*** Information provided ***

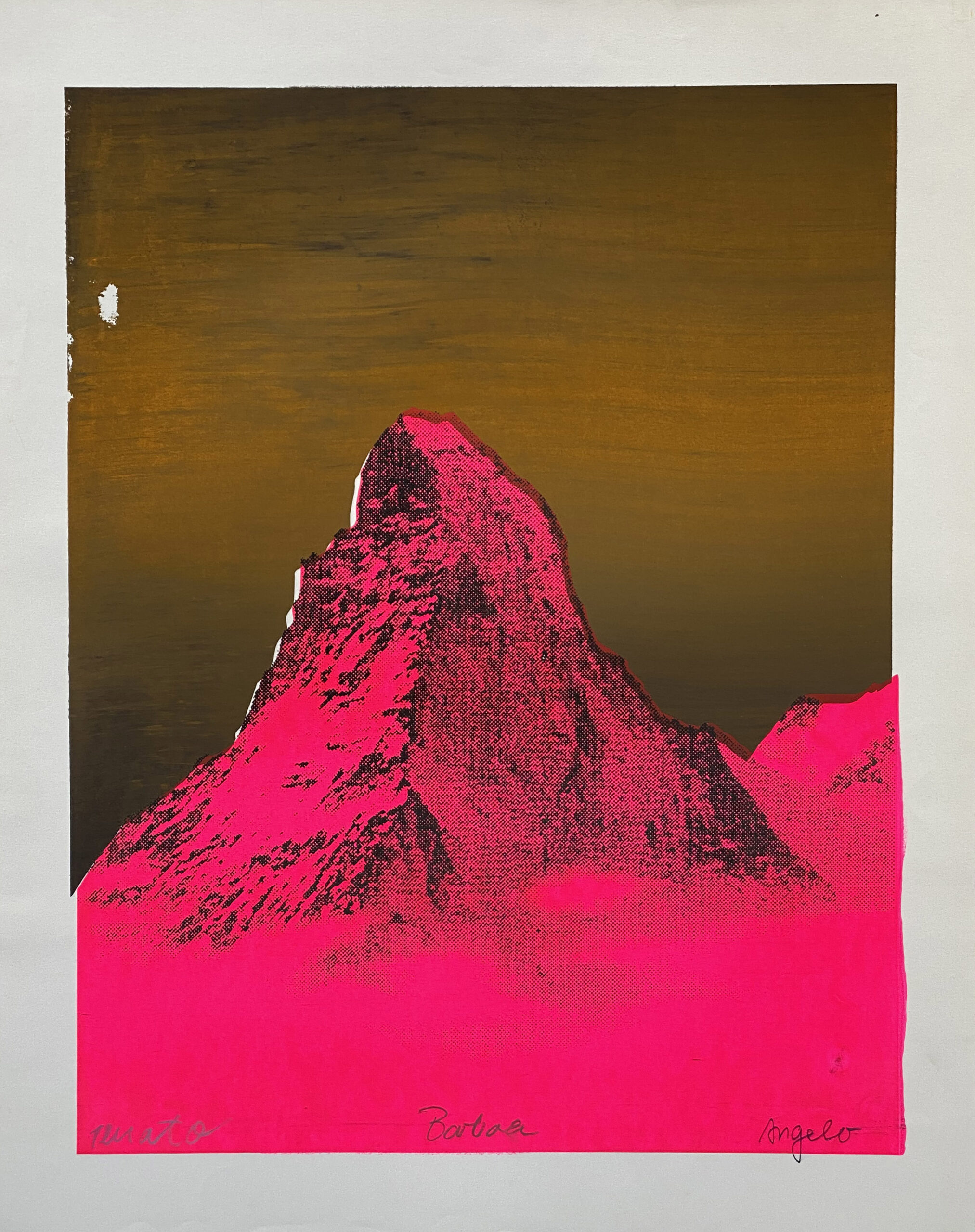 This is serigraphy is a collaboration of the former artist trio Atelier 91 based in Zurich, 1990
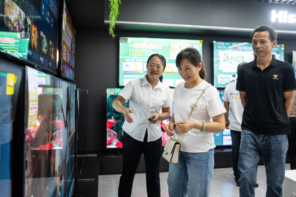 在湖南省岳陽市汨羅市屈子祠鎮(zhèn)雙楚村,彭坤、彭建華夫婦家中有一臺使用了近十年的32英寸液晶電視機。今年,在以舊換新政策的吸引下,他們決定更換一臺更大更好的電視機。根據(jù)實際需求和個人喜好,在反復(fù)對比后,他們換購了一臺75英寸的新款液晶電視機。舊電視在新機送貨上門時被當(dāng)場回收,疊加各種補貼后,實際成交價較廠商定價優(yōu)惠了近30%。(新華社記者 陳思汗 攝)
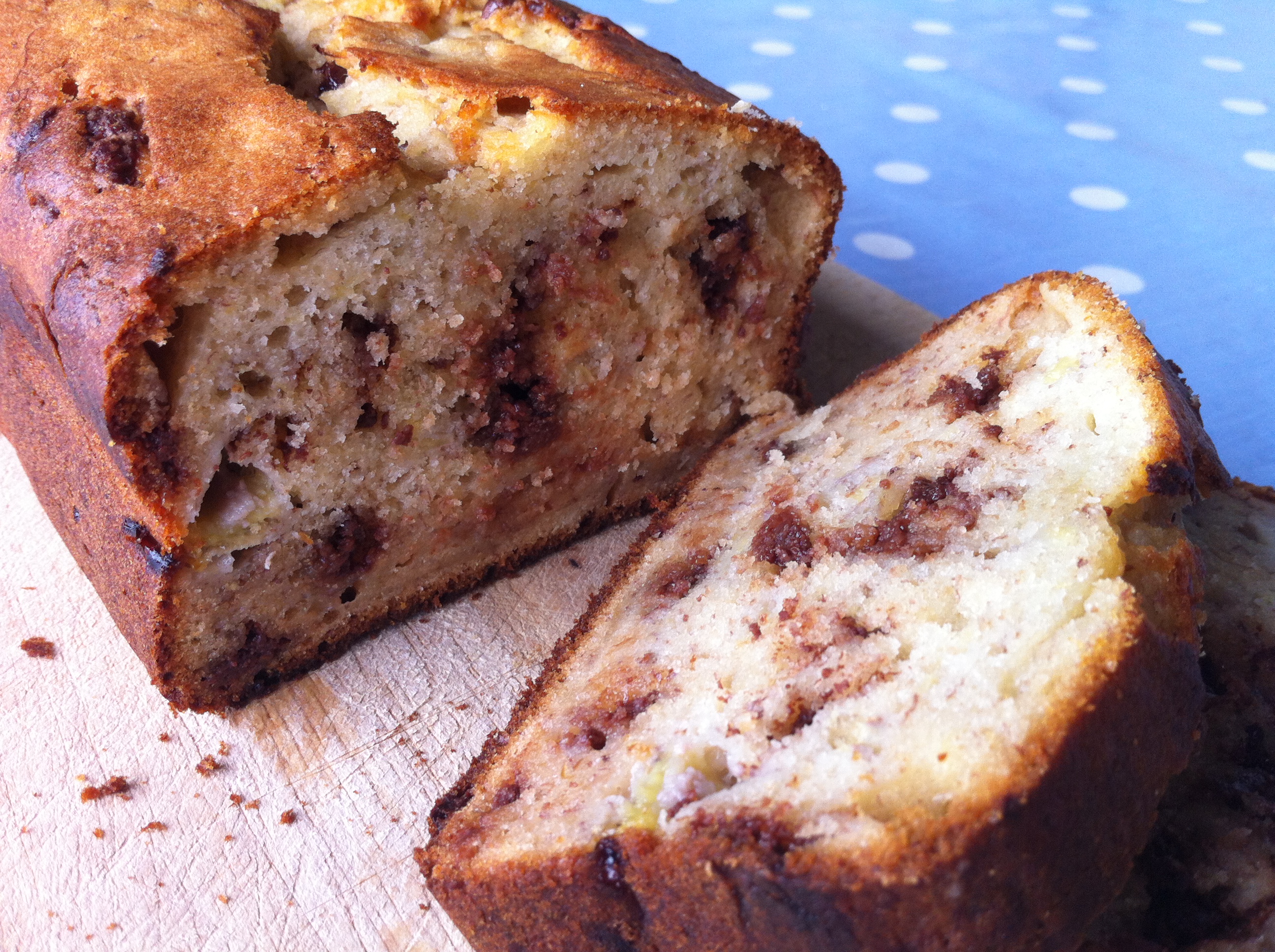 I’m back into baking in a big way at the moment. We had a Birthday Party for my daughter last week which needed a chocolate muffin birthday cake, an ice-cream cake, cheesy nibbles, lots of cupcakes for decorating and this loaf. I love this recipe because it’s incredibly tasty and moist, quick and easy (not even any creaming of butter and sugar required), and because I can kid myself it’s healthy enough to have a slice for breakfast. It also works well even if you don’t have all the ingredients; I’ve made with without eggs (just added another banana), without butter (added oil instead) and with plain flour (chuck in an extra tsp of baking powder). Sometimes I add a tsp of vanilla, this time I added a tbsp of Starbuck’s caramel syrup just because it was on the worktop. Either way, this cake always tastes delicious!
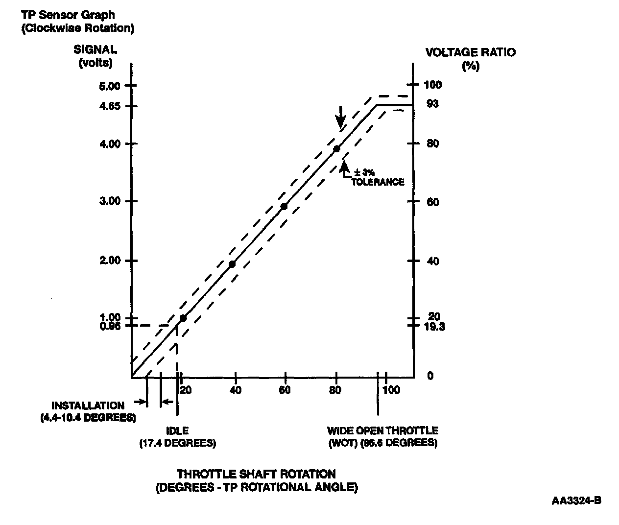NOTE: The normal range of the throttle angle measurement for the Throttle Position (TP) sensor is 0 to 96.6 degrees.
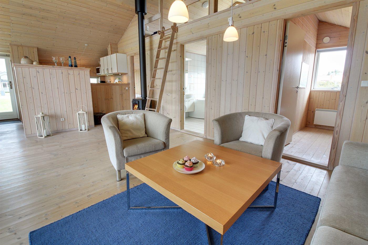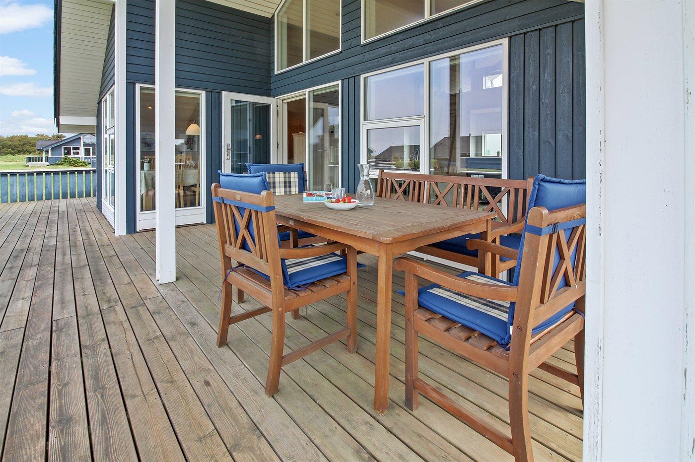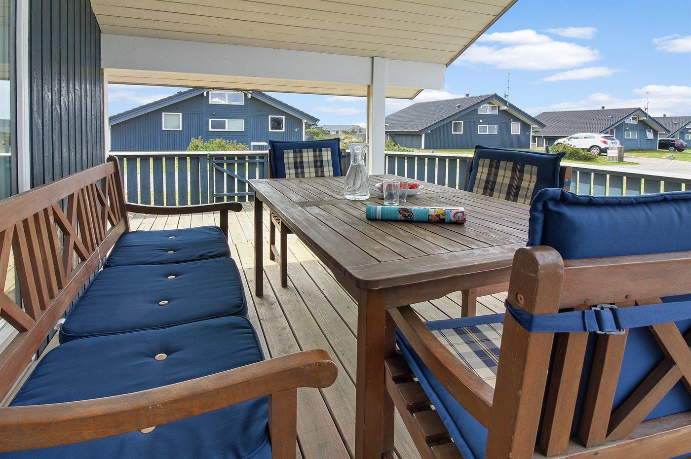 De vakantiewoning is gelegen op een 740 m² groot natuural grond. Afstand tot de zee 1200 m. Afstand tot de fjord 1500 m. Dichtstbijzijnde winkel 2000 m. Bij de vakantiewoning hoort 50 m² terras. Daarnaast is er een 15 m² groot overdekt terras. Gereedschapsruimte. Barbecue. Parkeerplaats bij het huis.

***

Wherever an image sits in the data, omit it; everything else must be copied exactly.

 This is serigraphy is a collaboration of the former artist trio Atelier 91 based in Zurich, 1990
 在湖南省岳陽市汨羅市屈子祠鎮(zhèn)雙楚村,彭坤、彭建華夫婦家中有一臺使用了近十年的32英寸液晶電視機。今年,在以舊換新政策的吸引下,他們決定更換一臺更大更好的電視機。根據(jù)實際需求和個人喜好,在反復(fù)對比后,他們換購了一臺75英寸的新款液晶電視機。舊電視在新機送貨上門時被當(dāng)場回收,疊加各種補貼后,實際成交價較廠商定價優(yōu)惠了近30%。(新華社記者 陳思汗 攝)
 I’m back into baking in a big way at the moment. We had a Birthday Party for my daughter last week which needed a chocolate muffin birthday cake, an ice-cream cake, cheesy nibbles, lots of cupcakes for decorating and this loaf. I love this recipe because it’s incredibly tasty and moist, quick and easy (not even any creaming of butter and sugar required), and because I can kid myself it’s healthy enough to have a slice for breakfast. It also works well even if you don’t have all the ingredients; I’ve made with without eggs (just added another banana), without butter (added oil instead) and with plain flour (chuck in an extra tsp of baking powder). Sometimes I add a tsp of vanilla, this time I added a tbsp of Starbuck’s caramel syrup just because it was on the worktop. Either way, this cake always tastes delicious!
NOTE: The normal range of the throttle angle measurement for the Throttle Position (TP) sensor is 0 to 96.6 degrees.
 De vakantiewoning is gelegen op een 740 m² groot natuural grond. Afstand tot de zee 1200 m. Afstand tot de fjord 1500 m. Dichtstbijzijnde winkel 2000 m. Bij de vakantiewoning hoort 50 m² terras. Daarnaast is er een 15 m² groot overdekt terras. Gereedschapsruimte. Barbecue. Parkeerplaats bij het huis.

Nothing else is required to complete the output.